# MCP analytics

Every authenticated MCP request the Zuplo MCP Gateway handles produces a set of
structured analytics events. The events power the MCP tab on the Zuplo Portal's
**Analytics** page and feed the same data into Zuplo's standard log and metrics
pipelines. This page explains why each event exists, the dimensions that scope
the data, and the operational questions the dashboard exists to answer.

## What the analytics are for

A platform team running an MCP Gateway usually wants to answer a small number of
recurring questions:

- Is the gateway healthy right now?
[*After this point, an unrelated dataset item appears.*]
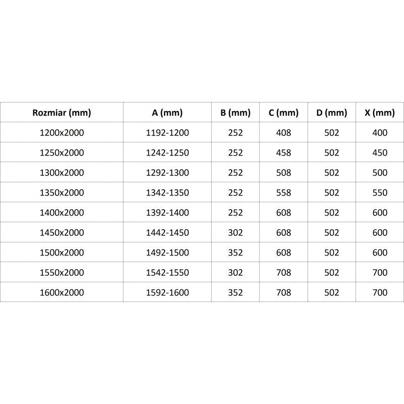 Specifikace produktu: Rozměr: 155x200 cm Strana montáže: Levá Vchod: Otevíravý Barva skla: Průhledná Povrchová úprava: Kartáčovaný nikl Profil: Hliník Stabilizátor ve tvaru L: Nerezová ocel Typ skla: Tvrzené Tloušťka skla: 8 mm Povrchová úprava pro snadné čištění Nastavitelná šířka Dva montážní systémy: - S profilem, který umožňuje vyrovnání nerovností stěny - Bez profilu pro dokonale rovné stěny Možnost montáže na sprchovou vaničku nebo obklady Mechanismus pro zvedání a spouštění dveří Mosazné svorky a panty v jedné rovině se sklem Magnetický proužek a elastomerové těsnění pro odtok vody Hliníkový práh těsnění dveří

What's the success rate, and where are the
  failures coming from — the gateway, the upstream, or the client?
- Which capabilities (tools, prompts, resources) are users actually exercising,
  and which are slow or error-prone?
- Who is using the gateway and how heavily?
- Did the upstream OAuth flow finish for the user who just complained, or did
  they hit a connect-required state nobody resolved?
- When latency went up, was it the gateway or the upstream?

The analytics event taxonomy is shaped to answer each of those questions without
leaving the dashboard.

## The three event families

Every MCP analytics event belongs to one of three families. The split matters
because each family answers a different kind of question.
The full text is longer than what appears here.